I have genotypes of over 20k individuals in a vcf file got after imputation. I'll give you an example of the aspect of this vcf file, with only 7 samples:
#CHROM POS ID REF ALT QUAL FILTER FORMAT INFO 0_0_473294.CEL 0_0_347293_v2.CEL 0_0_9588393_RS.CEL 0_0_999444_rp.CEL 0_0_26:9494949.CEL 0_0_237485_RS_rp.CEL 0_0_27:484848.CEL
16 11781 rs549521730 G C . PASS IMPUTED GP
So, starting from column 10, genotypes of individuals start.
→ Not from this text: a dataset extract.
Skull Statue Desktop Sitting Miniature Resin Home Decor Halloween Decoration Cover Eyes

Now, I need to modify individual code of this vcf file, so as to have a vcf file with the following aspect:
#CHROM POS ID REF ALT QUAL FILTER FORMAT INFO 473294 347293 9588393 999444 9494949 237485 484848
16 11781 rs549521730 G C . PASS IMPUTED GP
Therefore, I need only serial numbers, without the flanking stuff, like .CEL, _RS, 26:, and so on.
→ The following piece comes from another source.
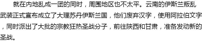 同样很多人也不知道,大清帝国为什么急着禁烟?一般以为是鸦片的流入导致白银外流,这的确是一个重要原因,但这并不是唯一的原因。还有一个同样重要的原因不得不被提及——在新疆地区,阿拉伯传教士掀起的一场又一场的宗教战争,耗空了清朝的国库。这些战争的真相从来没有被传统的历史书记载。
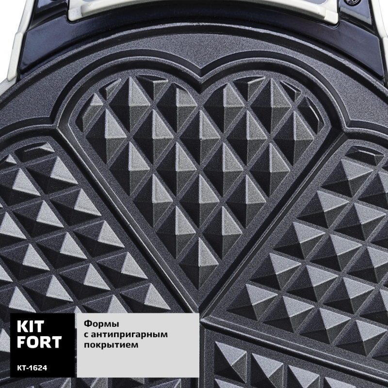 - БрэндKITFORTМодельКТ-1624Мощность1000 ВтТип управлениямеханическоеАнтипригарное покрытиедаФорма нагревательных частейвафлиФормы для готовкипластины для вафельКоличество отделений в пластине для вафель5

Do you know a tool, like bcftools, being able to re-annotate sample codes of a vcf file? Or is it possible to do it in bash? Thank you!
If I'm reading your question correctly it looks like you just want to change the column names?
It looks like there are a lot of different formats to the column sample names; How you go about converting those to just the number you want will depend on the specifics but will probably involve regex. I'm not sure your example has enough info to answer that part.
I'd recommend something like making a single-line header text file (
header.txt), making a new vcf file from it (output.vcf), and appending all but the header line of the input vcf file (input.vcf) to the new file.